Your objective: Would you output the lines from the one with "Общероссийское голосование по" through the last line of the material below, exactly, but without pictures?

Given records:

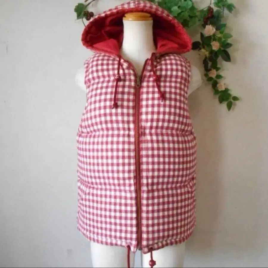 리버서블 디자인의 빨간색 다운 베스트, 깅엄 체크 후드 부착으로 스타일리시합니다. - 색상: 빨간색 - 디자인: 깅엄 체크 후드 부착 - 특징: 리버서블 베스트 - 로고: P 자수 방문해 주셔서 감사합니다. 사이즈 - FREE SIZE
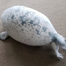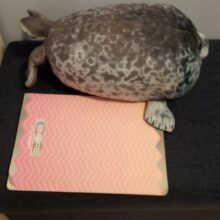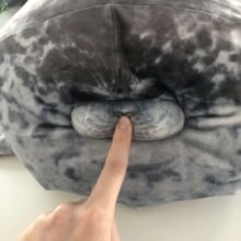 My boyfriend loves seals so when I saw this I just had to get it for him! It’s very soft, fluffy and squishable. However, based off the pictures I thought it was going to be a little bigger. Boyfriend still loves it though! He uses it as a travel pillow! Ha!
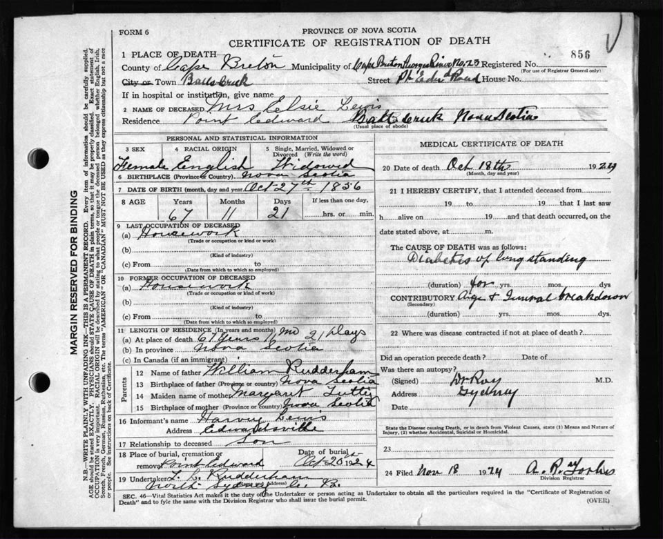 Death Registration: Year: 1924 file: 79 number: 856
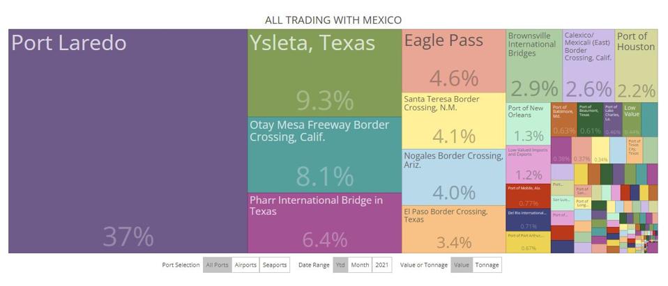 Port Laredo, the El Paso bridge at Ysleta, the Pharr International Bridge and Eagle Pass account for almost 54% of all U.S. trade with Mexico. ustradenumbers.com
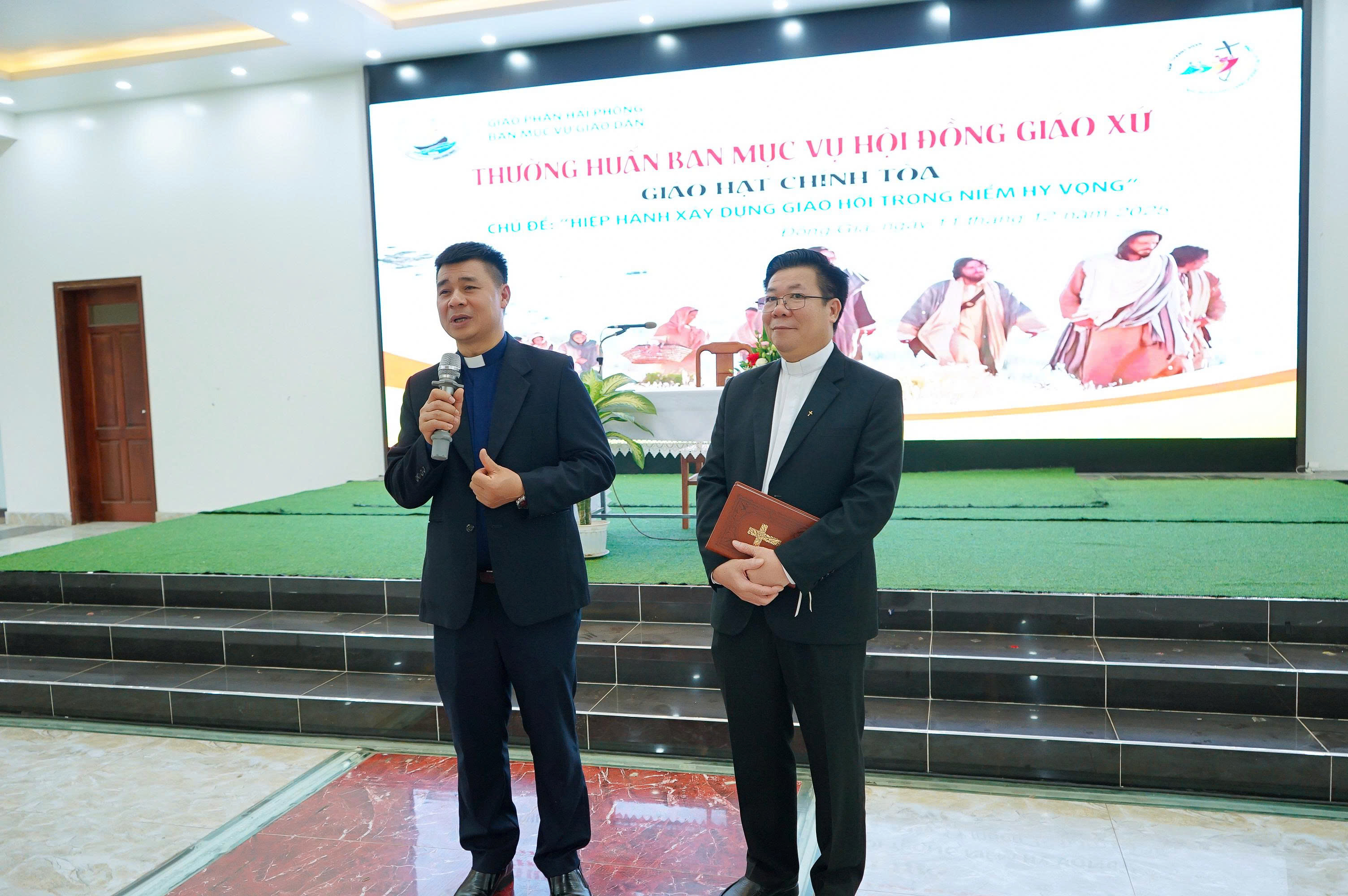 Mở đầu chương trình, Cha Giuse Bùi Văn Đạo – Trưởng ban Giảng huấn, trình bày đề tài: “Hiệp hành xây dựng Giáo hội trong niềm hy vọng”. Dựa trên nền tảng Kinh Thánh và giáo huấn của Giáo hội, Cha Giuse nhấn mạnh tính thời sự và tầm quan trọng của tiến trình hiệp hành – như một lối sống không thể thiếu trong đời sống Dân Chúa hôm nay. Qua đó, ngài tha thiết mời gọi các quý chức – những người đang thi hành sứ vụ giữa cộng đoàn – hãy biết đồng hành với nhau cách chân thành và cùng với quý Cha xứ xây dựng các giáo xứ ngày càng hiệp nhất, trưởng thành trong đức tin và đức ái.
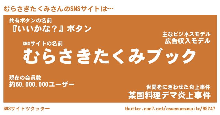 | 欧米人風あだ名 | 『マイケルむらさきたくみ』 |
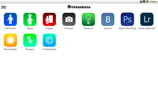 В данном приложении рассказывается об искусстве и технике фотографии: набор фото поз, уроки по настройке фотоаппарата, полезные ресурсы в интернете, фотографии для наглядного примера. Вы сможете сделать собственную фотостудию, разберетесь со светотехникой и правилами фотосъемки, кроме того, у вас будет под рукой справочник маркировки объективов, и фотоаппаратов, словарь профессиональных терминов и обозначений.
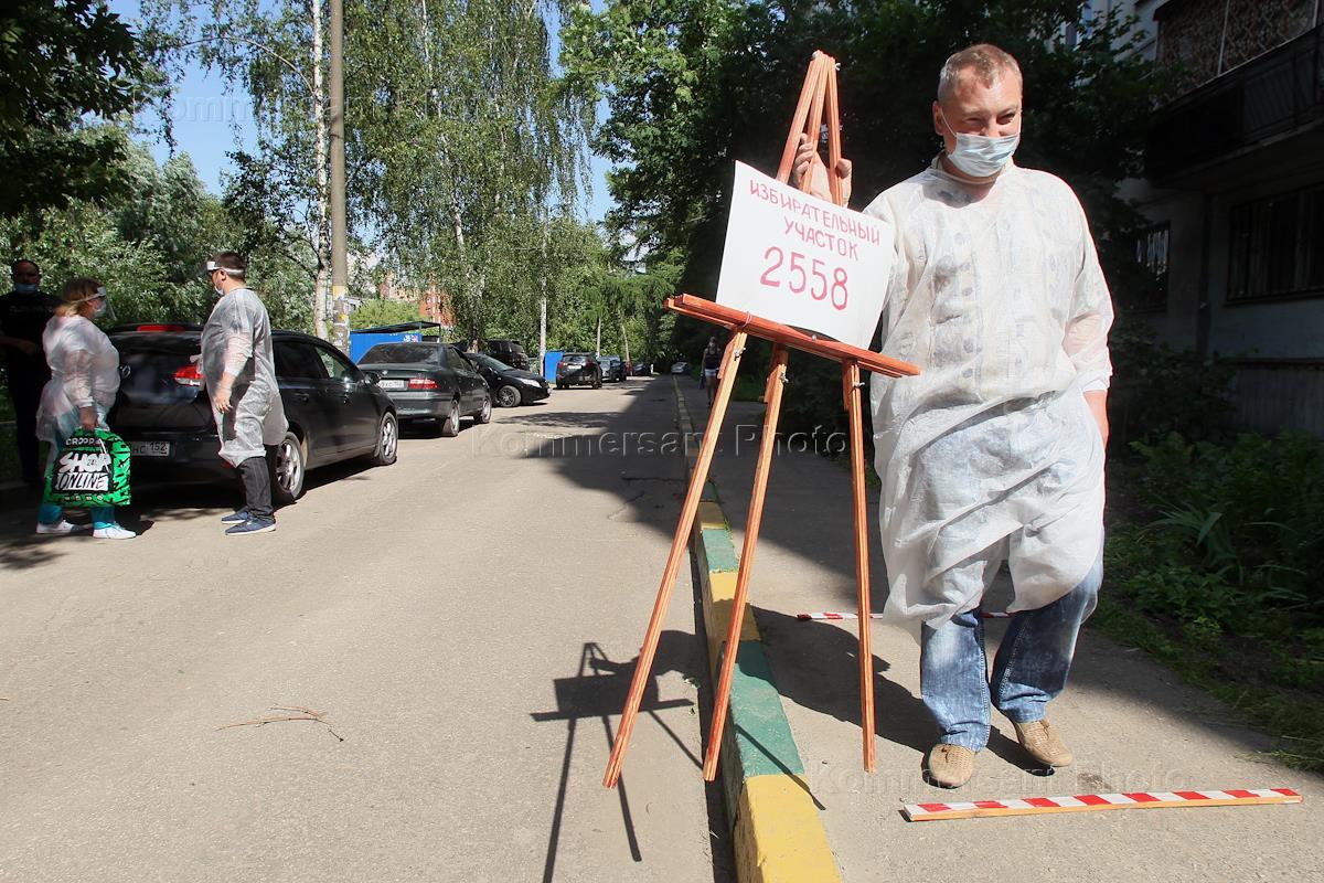 Общероссийское голосование по поправкам к Конституции России. Работа выездной избирательной комиссии у подъезда жилого дома.
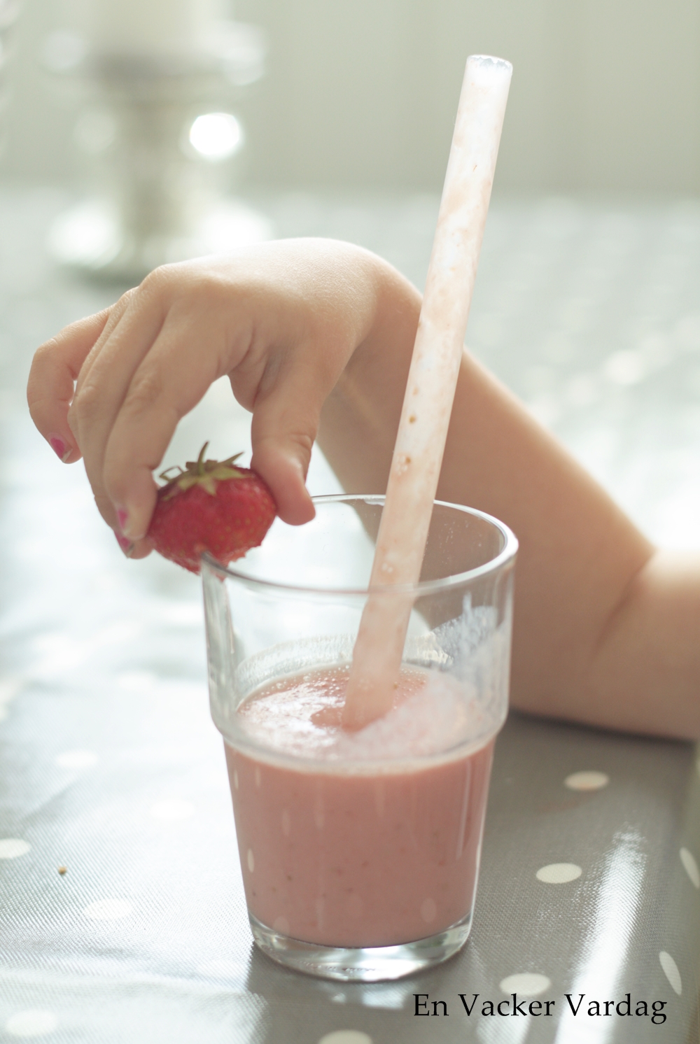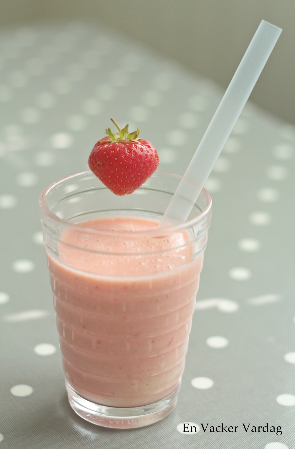 Även om den här sommaren inte erbjudit många möjligheter att äta frukost ute på terrassen, så behöver man ju inte hänga läpp för det. Våra tidigare ganska blygsamma jordgubbsplantor levererar nu tacksamt med bär och visst är det stor skillnad på att göra smoothie på färska bär jämfört med de infrysta man använder på vintern. Att börja dagen med en jordgubbssmoothie är minsann ett gott sätt att börja dagen.
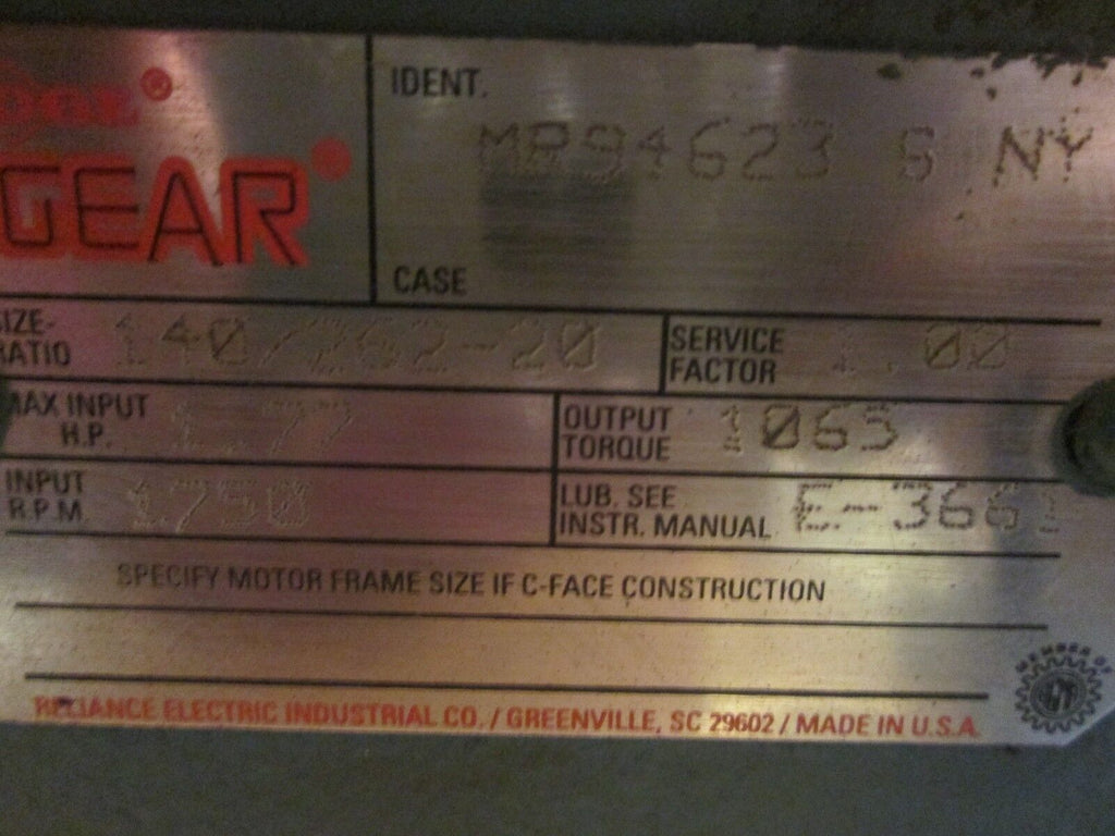Dodge Reducer w/ Clutch Brake 140/262-20 Ratio 20:1 Horton 801624 Clutch Brake
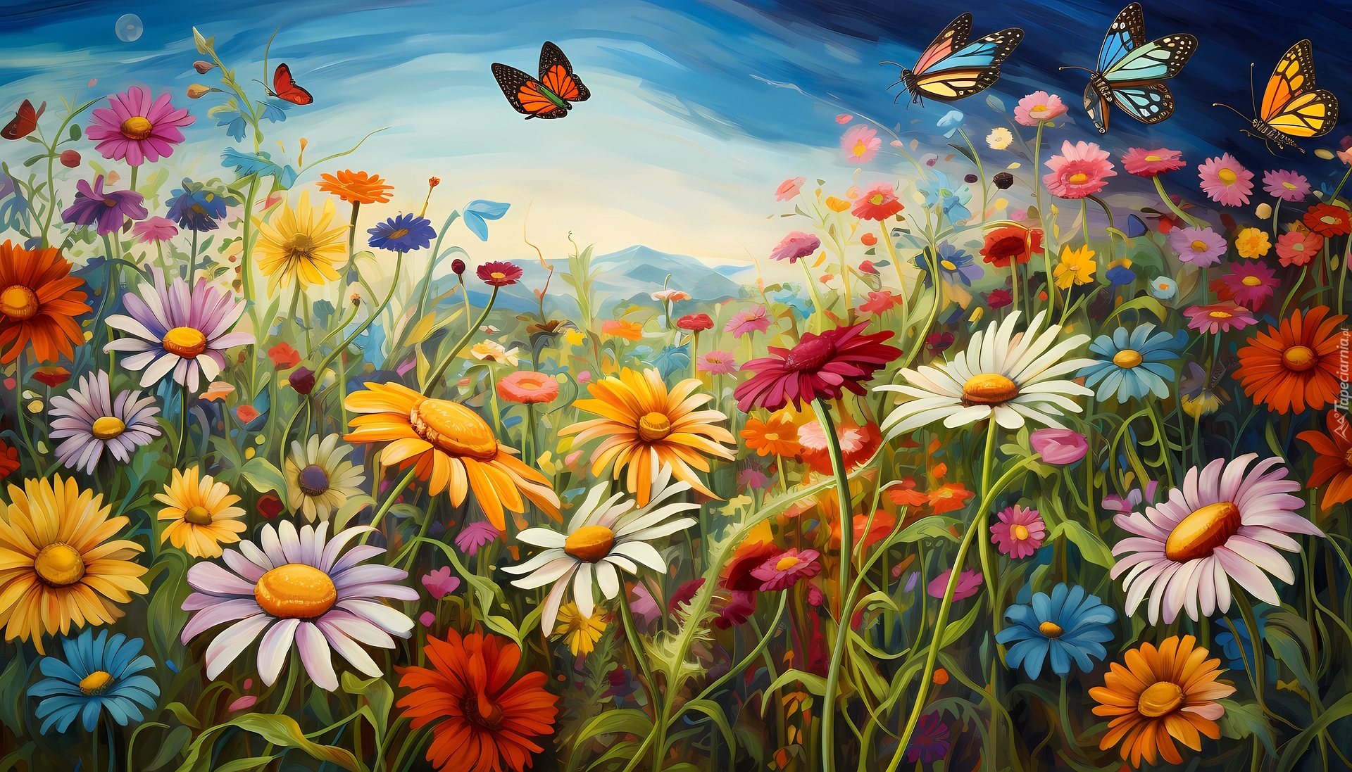 Edytor tapety: Motyle nad kwiatami w grafice

Written answer:
 Общероссийское голосование по поправкам к Конституции России. Работа выездной избирательной комиссии у подъезда жилого дома.
 Även om den här sommaren inte erbjudit många möjligheter att äta frukost ute på terrassen, så behöver man ju inte hänga läpp för det. Våra tidigare ganska blygsamma jordgubbsplantor levererar nu tacksamt med bär och visst är det stor skillnad på att göra smoothie på färska bär jämfört med de infrysta man använder på vintern. Att börja dagen med en jordgubbssmoothie är minsann ett gott sätt att börja dagen.
Dodge Reducer w/ Clutch Brake 140/262-20 Ratio 20:1 Horton 801624 Clutch Brake
 Edytor tapety: Motyle nad kwiatami w grafice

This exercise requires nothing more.